The result should be the full listing copied exactly, with no pictures in it.

◆ Recorded information ◆
-*-*-

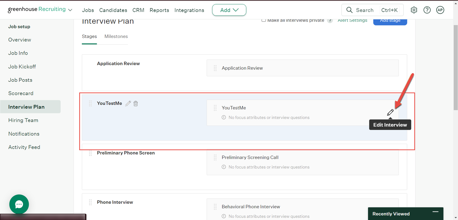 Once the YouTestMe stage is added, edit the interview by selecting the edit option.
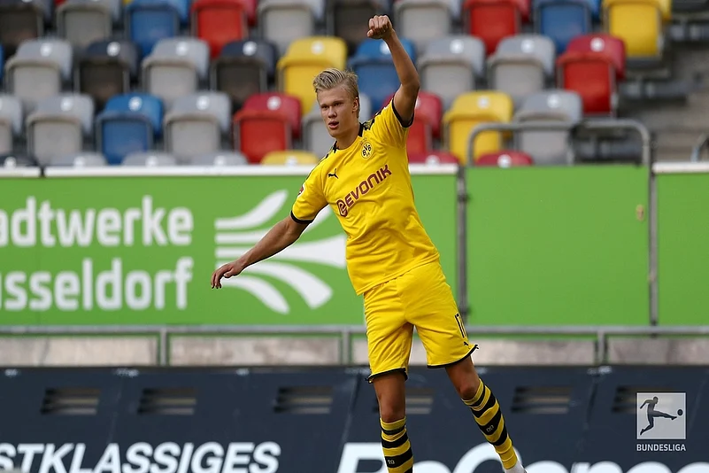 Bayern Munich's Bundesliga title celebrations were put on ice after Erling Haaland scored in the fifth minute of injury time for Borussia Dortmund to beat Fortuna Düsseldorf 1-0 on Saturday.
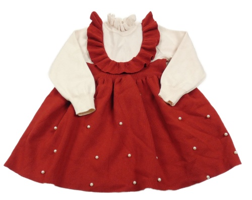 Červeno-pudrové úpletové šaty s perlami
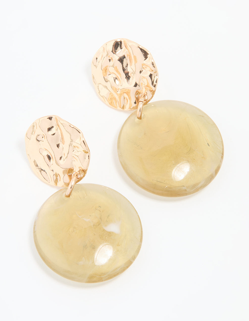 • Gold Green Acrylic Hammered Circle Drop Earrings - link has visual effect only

-*-*-

◆ Exercise solution ◆
 Once the YouTestMe stage is added, edit the interview by selecting the edit option.
 Bayern Munich's Bundesliga title celebrations were put on ice after Erling Haaland scored in the fifth minute of injury time for Borussia Dortmund to beat Fortuna Düsseldorf 1-0 on Saturday.
 Červeno-pudrové úpletové šaty s perlami
 • Gold Green Acrylic Hammered Circle Drop Earrings - link has visual effect only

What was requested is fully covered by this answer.